My understanding is that concurrently calling _ocfs2_get_system_file_inode() itself
is OK, for the caller of ocfs2_get_system_file_inode() is responsible for calling
iput().
The problem commit 43b10a20372d fixed is that there was no mechanism to avoid
concurrently calling
*arr = igrab(inode);
which will result in failing to call iput() for raced references when
ocfs2_release_system_inodes() is called.
>
>> /* add one more if putting into array for first time */
>> - if (arr && inode) {
>> - *arr = igrab(inode);
>> - BUG_ON(!*arr);
>> + if (inode && arr && !*arr && !cmpxchg(&(*arr), NULL, inode)) {
>
> Bypassing the refcnt+1 here is not a good idea. We should do refcnt+1
> before returning to the caller.
>
>> + inode = igrab(inode);
We do refcnt+1 immediately after cmpxchg() succeeds, for
ocfs2_release_system_inodes() which clears *arr is the place for
doing refcnt-1.
>> + BUG_ON(!inode);
>> }
>> - mutex_unlock(&osb->system_file_mutex);
>> return inode;
>> }
>>
>
On 6/24/25 10:17, Tetsuo Handa wrote:
> On 2025/06/24 10:33, Heming Zhao wrote:
>>> @@ -112,11 +110,10 @@ struct inode *ocfs2_get_system_file_inode(struct ocfs2_super *osb,
>>> inode = _ocfs2_get_system_file_inode(osb, type, slot);
>>
>> In my view, the key of commit 43b10a20372d is to avoid calling
>> _ocfs2_get_system_file_inode() twice, which lead refcnt+1 but no place to
>> do refcnt-1.
>
> My understanding is that concurrently calling _ocfs2_get_system_file_inode() itself
> is OK, for the caller of ocfs2_get_system_file_inode() is responsible for calling
> iput().
We have different perspectives on calling _ocfs2_get_system_file_inode().

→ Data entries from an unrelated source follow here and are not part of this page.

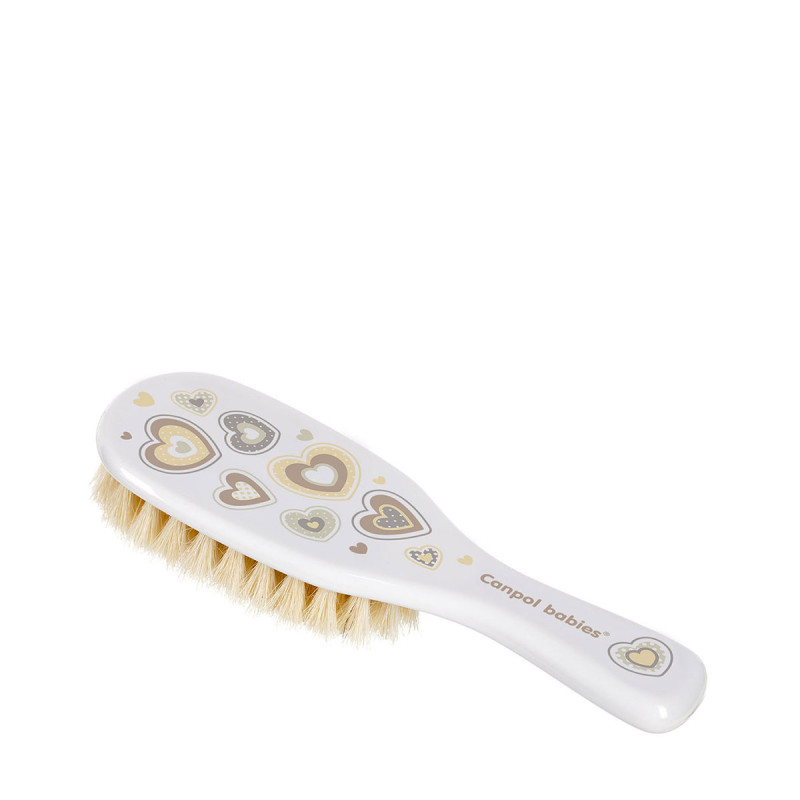 Brosse à cheveux avec des poils naturels et doux et un peigne Nouveau-Né - dans un ensemble. Pour le soin quotidien des cheveux de votre bébé. Le peigne a des dents arrondies qui n'irritent pas la peau sensible de bébé. Brosse doucement en massant la tête du bébé en renforçant ses cheveux. Peut être utilisé événement dans les premiers jours après la naissance. Le kit est disponible en plusieurs couleurs différentes.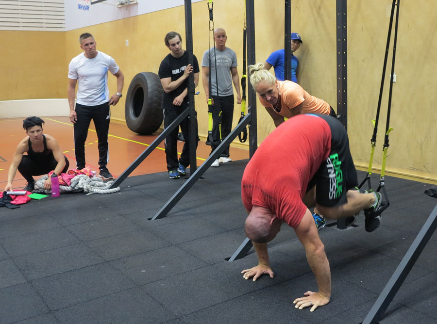 Som påminnelse till min egen, och alla er andra som också kör sommarträning med suspension trainer, kommer här en bra övning för både bröst, axlar, core och mer ytliga magmuskler. Startläget är en hög planka med fötterna i handtagen, håll en rak, spänd kropp (ja, även benen och rumpan) och 1. – gör en armhävning.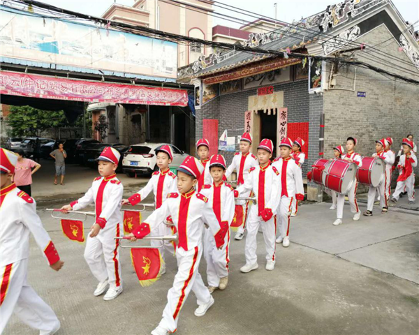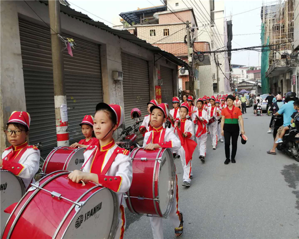 荔村小學(xué)儀仗隊(duì)跟隨荔村村委領(lǐng)導(dǎo)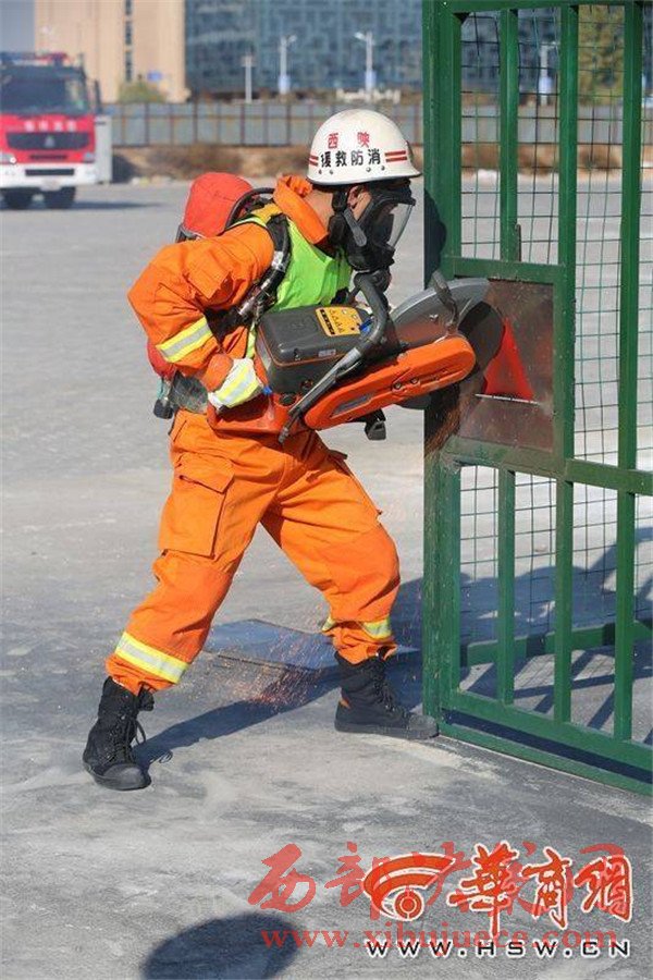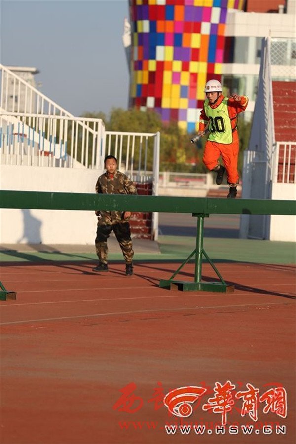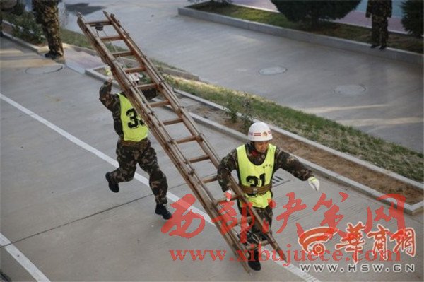 負重攀登10樓  榆林市消防大比武130余名鐵漢炫技
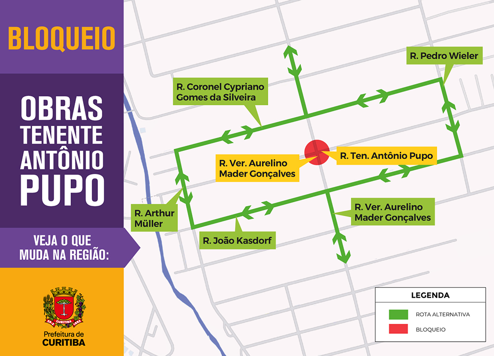 mapa de bloqueio da rua tenente antonio pupo, no Xaxim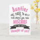 Ett roligt kort till en moster (eller ett eget personligt namn på henne). Om din barns moster alltid får barnen att ställa till rackartyg så är detta den perfekta designen för henne. Skicka det från systrar och bröder och få henne att le!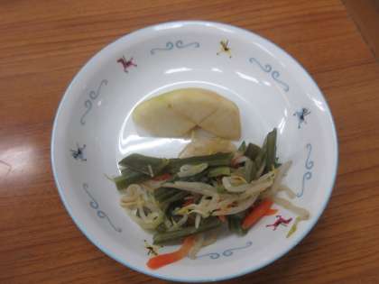 麦ごはん、茎ワカメのサラダ、すき焼き風、果物(ラフランス)、牛乳 すき焼きは牛肉を使いますが、今日の給食は豚肉を使っているので、すき焼き風になっています。でも美味しいです。豆腐、ネギ、ニンジン、白菜などが入り、さらに春菊が独特の風味を出してくれています。春菊は好き嫌いに分かれますが、私は好きです。中でも出汁のしみた車麩はそのままごはんに乗せていただきました。ジュワ〜としみ出るおつゆがたまりません。茎ワカメもコリコリしていて美味しかったです。今年初めてのラフランス、まだ少し硬いかなと感じましたが、いつもの味は美味しいです。2日目、今日も完食です。ごちそうさまでした。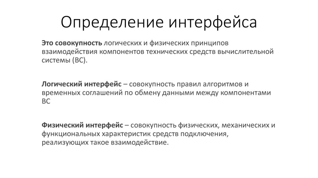 Определение интерфейсаЭто совокупность логических и физических принципов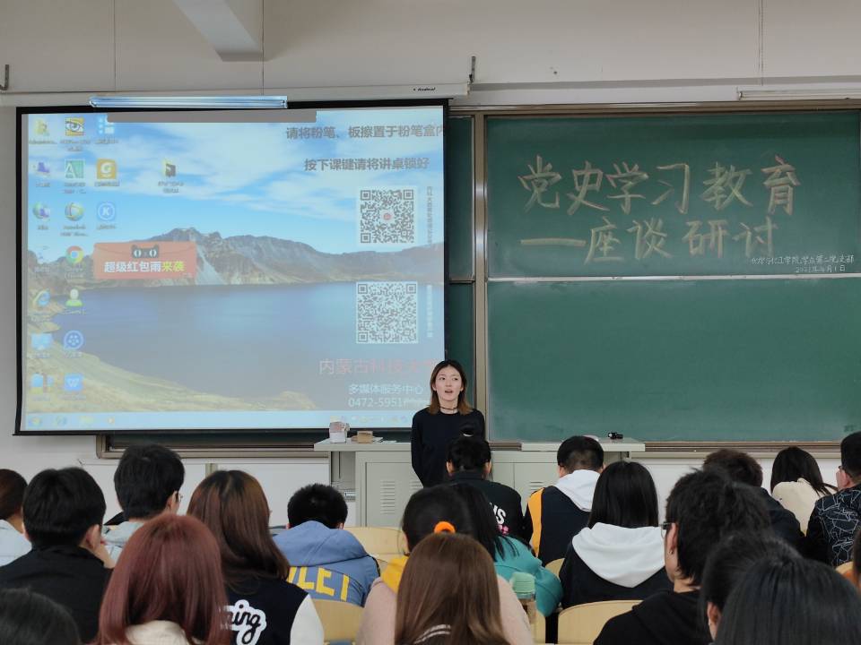 2021年4月1日,6776永利集团员工第二党支部组织全体师生党员及发展对象,在逸夫楼G203开展党史学习座谈研讨活动。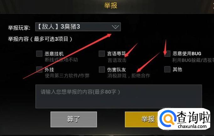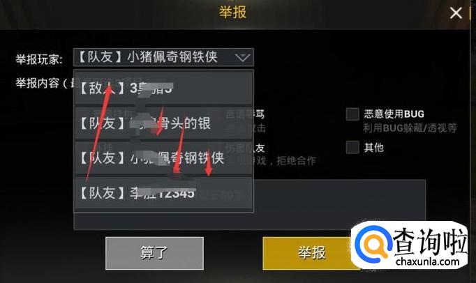 无论是队友还是敌人,你选择一个,然后选择你要举报的内容,然后在下面的黄色举报按钮直接举报就可以了。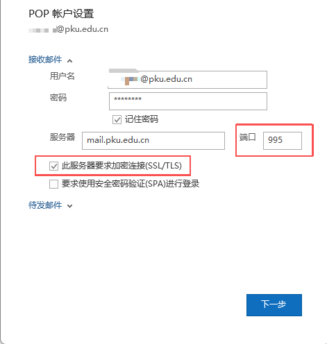 “收件设置”一栏,确认勾选“使用SSL”,服务器端口为995即可。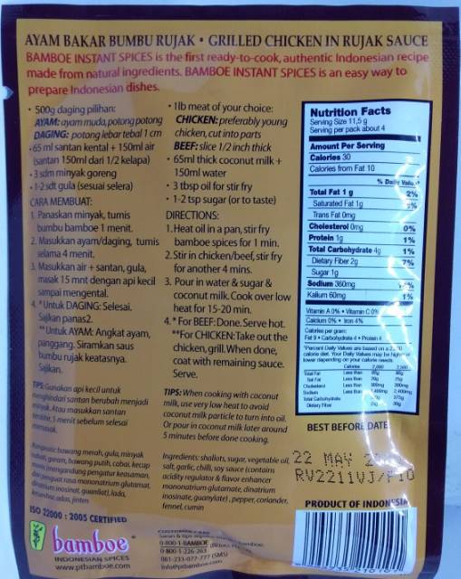 Bamboe Export Ayam Bakar Bumbu Rujak 46gram Bumbu Dapur Bumbu Masak Bumbu Instan Lazada Indonesia
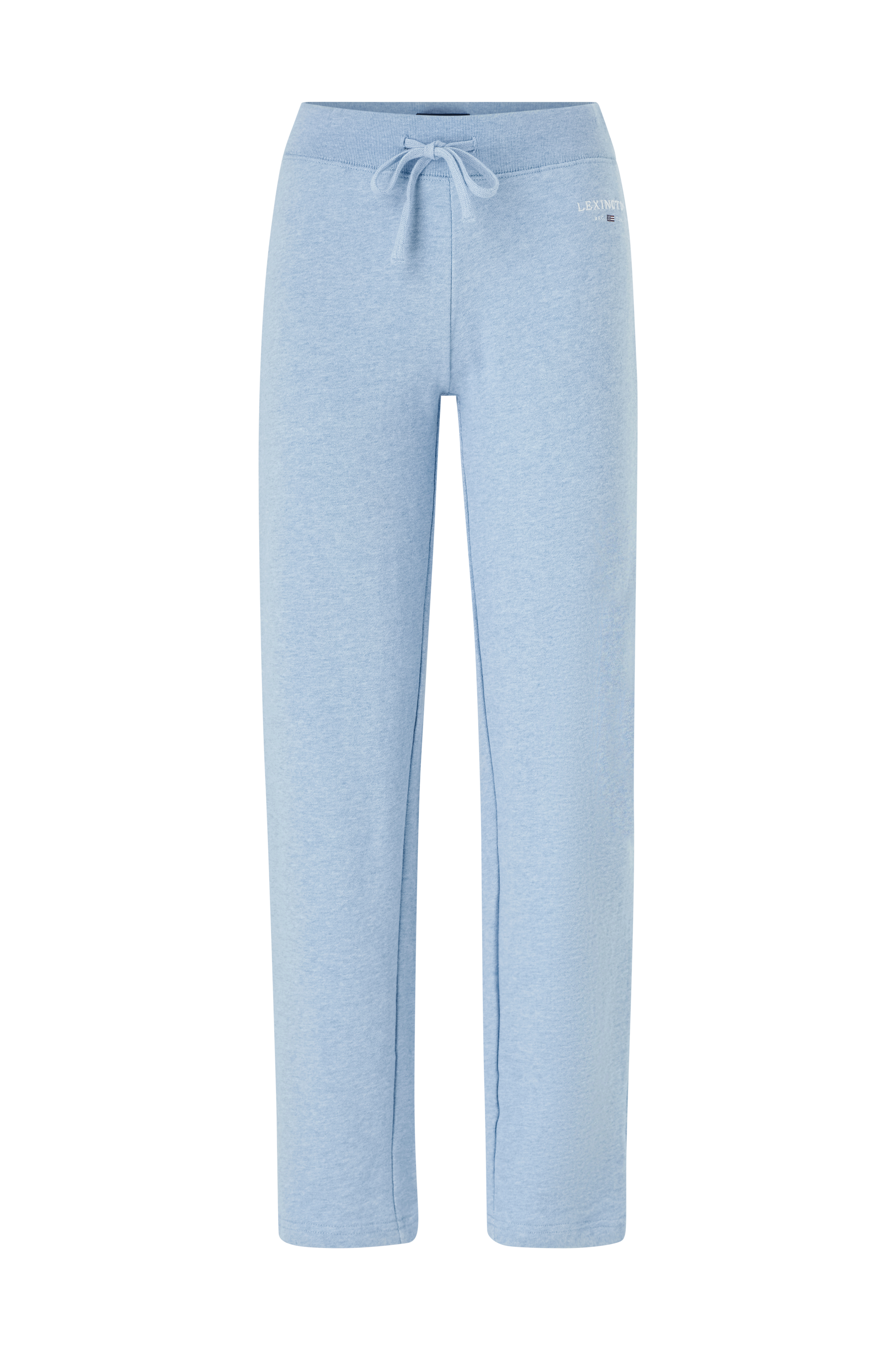 Disse klassiske jerseybuksene med logo i lyseblå melange gir uanstrengt stil og komfort. De har en brodert Lexington-logo på benet, noe som gir dem en distinkt merkevarebygging. Den elastiske linningen med snøring sørger for en sikker, tilpassbar passform, mens pull-on-designet gjør dem enkle å bruke. Buksene har et snitt med rette ben og gir et elegant, avslappet utseende som passer perfekt til både avslapping og uformelle utflukter.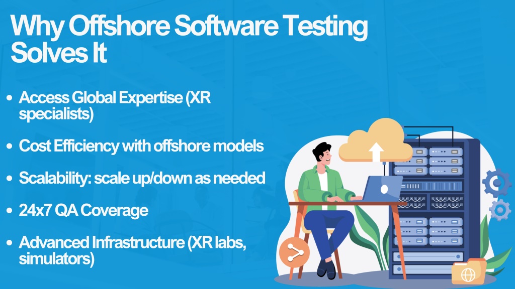 Why Offshore Software Testing Solves It Access Global Expertise (XR specialists) Cost Efficiency with offshore models Scalability: scale up/down as needed 24x7 QA Coverage Advanced Infrastructure (XR labs, simulators)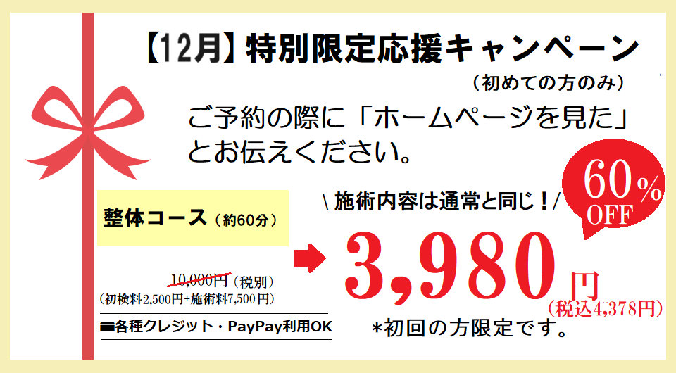 ラッキー☆整体院は完全予約制のため、事前にご予約をお願いしています。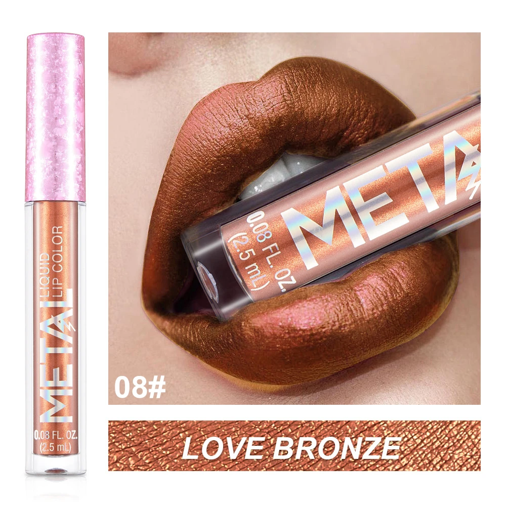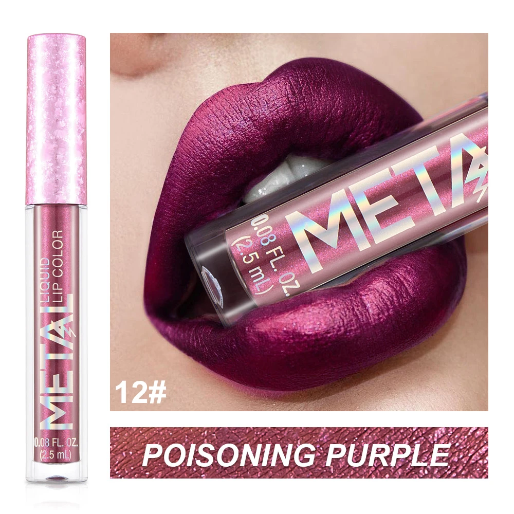 12 цветов, жидкая косметика для губ, Мерцающая металлическая помада, стойкая блестящая Помада для губ, коричневый, синий блеск для губ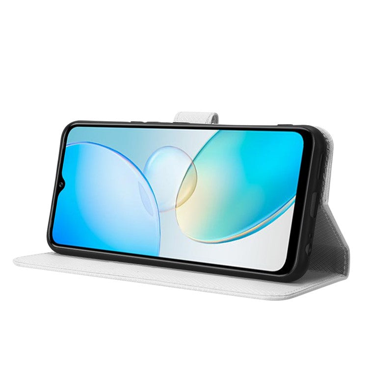 For Infinix Hot 12 Pro 4G X668C PU Leather Flip Folio Case Diamond Texture Stand Soft TPU Inner Shell Phone Cover with Strap - White

In the current code logic, _ocfs2_get_system_file_inode() is expected to
be called only once. Subsequent local system inodes will be retrieved from
the cache (via get_local_system_inode()).
>
> The problem commit 43b10a20372d fixed is that there was no mechanism to avoid
> concurrently calling
>
> *arr = igrab(inode);
>
> which will result in failing to call iput() for raced references when
> ocfs2_release_system_inodes() is called.
>
>>
>>> /* add one more if putting into array for first time */
>>> - if (arr && inode) {
>>> - *arr = igrab(inode);
>>> - BUG_ON(!*arr);
>>> + if (inode && arr && !*arr && !cmpxchg(&(*arr), NULL, inode)) {
>>
>> Bypassing the refcnt+1 here is not a good idea. We should do refcnt+1
>> before returning to the caller.
>>
>>> + inode = igrab(inode);
>
> We do refcnt+1 immediately after cmpxchg() succeeds, for
> ocfs2_release_system_inodes() which clears *arr is the place for
> doing refcnt-1.
>
>>> + BUG_ON(!inode);
>>> }
>>> - mutex_unlock(&osb->system_file_mutex);
>>> return inode;
>>> }
>>>
>>
>
In my view, your patch has logical errors - at least from my perspective,
I have to vote NAK.
In my view, for this syzbot bug, the better solution is to block/deny write
operations during the ocfs2 mounting phase.
There are many syzbot bugs related to writing data during the mounting phase.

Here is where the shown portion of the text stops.